Hace un año la OMS declaró el fin de la alarma mundial por la viruela del mono, ahora se la llama mpox. Hoy se declara una nueva alarma por el mismo virus; en realidad no es el mismo, es una variante de una rama diferente del árbol familiar del virus de la viruela (ya extinta).
La enfermedad surgió en la República Democrática del Congo (RDC) y se debe seguramente a consumo de animales silvestres que la portan, especialmente monos. La RDC es un país muy emproblemado. El año pasado, por ejemplo, hubo 300.000 casos de sarampión con 6.000 muertos, una enfermedad que en el mundo ha sido bien controlada hace años. Sus hospitales no dan abasto, hay un conflicto bélico interno muy cruel que ha producido casi siete millones de desplazados.

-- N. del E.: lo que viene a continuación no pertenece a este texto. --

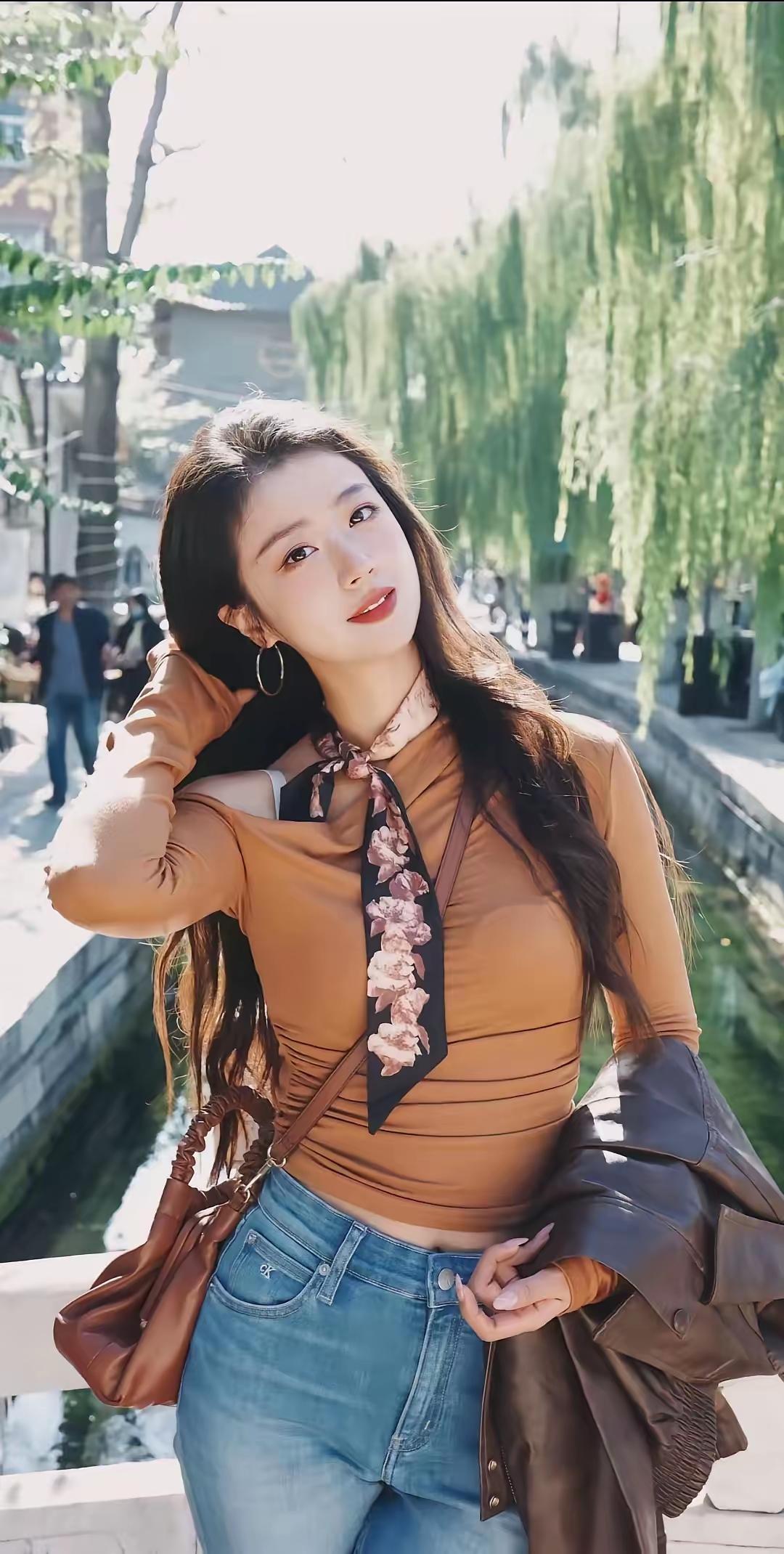 《湖岸晴光里》湖风裹着树影的柔,她倚在栏杆旁,浅灰衫子浸着晴日的温软,牛仔

La alarma se dio no por la aparición de la variante allá, donde es endémica, sino porque aparecieron casos en el Reino Unido, Australia y Estados Unidos; es decir, ya se está dispersando por todo el mundo. A pesar de que esta variante produce una mortalidad mayor que la anterior, no es similar al covid-19, porque el contagio es mucho más difícil (solo por o de fluidos corporales) y entre los infectados sobrevive más del 99 %.
Pero aún tenemos fresca en la memoria la pandemia y sabemos que hay que ser prevenidos. Tener vacunas contra viruela (o unas nuevas) es importante, no para vacunación masiva sino para detener la expansión de brotes. Las medidas de prevención también serán diferentes: no será necesario el aislamiento; no habrá impacto en el trabajo ni en el estudio.
Como es costumbre, ya hay teorías conspiratorias. Parece que la mente humana funciona automáticamente bajo la presunción de ‘crimen y castigo’. Una pandemia es un castigo, luego hay que descubrir cuál fue el crimen y quién lo cometió. Hay varias soluciones prefabricadas para escoger. Se puede inclinar uno por la historia de que hay transnacionales que ganan mucho con las vacunas y deben estar detrás del problema, bien sea por haber creado el virus, bien sea por haberse inventado algo que, en ‘verdad’, no existe.
Nos toca vivir apretados en grandes ciudades y nos contagiamos más; nos movilizamos rápidamente por tierra, mar y aire y transportamos alimentos de un lado al otro, y con esos movimientos, también a los virus.
Hoy la explicación más popular, políticamente correcta, es que somos nosotros, con nuestra civilización tecnológica, que irrumpimos en la naturaleza, tranquila e inofensiva ‘por naturaleza’, e indujimos los contagios. Tal vez haya algo de verdad, pero no esa tan simple.
Los virus existen posiblemente antes que los otros organismos (hay discusión al respecto). En la Tierra hay más virus que todos los organismos vivos. El virus es el ejemplo más puro de la evolución. Su único objetivo es multiplicarse. En forma natural muta, y las mutaciones que tienen más éxito en multiplicarse predominan.
Nuestra culpa consiste en haber hecho exactamente lo mismo, y gracias a la inteligencia que desarrollamos (también por evolución) somos ocho mil millones de individuos. Nos toca vivir apretados en grandes ciudades y nos contagiamos más; nos movilizamos rápidamente por tierra, mar y aire y transportamos alimentos de un lado al otro, y con esos movimientos, también a los virus.
Esa es nuestra única culpa real. La infección desde animales siempre existió, y antes de nosotros. El más antiguo antecesor de la influenza, por ejemplo, parece haber sido un virus del esturión (un pez que es un fósil viviente) que se desarrolló (el virus) hace 600 millones de años.
Cuando éramos cazadores y recolectores hace 10.000 años, nos infectábamos igual, pero esos grupos eran pequeños y aislados, lo peor que podía pasar (y pasaba) era que el grupo se extinguiera y con él la infección.
Haríamos bien en no abordar el problema buscando criminales, sino más bien desarrollando medios de defensa y control. Eso hacen los epidemiólogos y otros individuos de bata blanca en laboratorios y hospitales.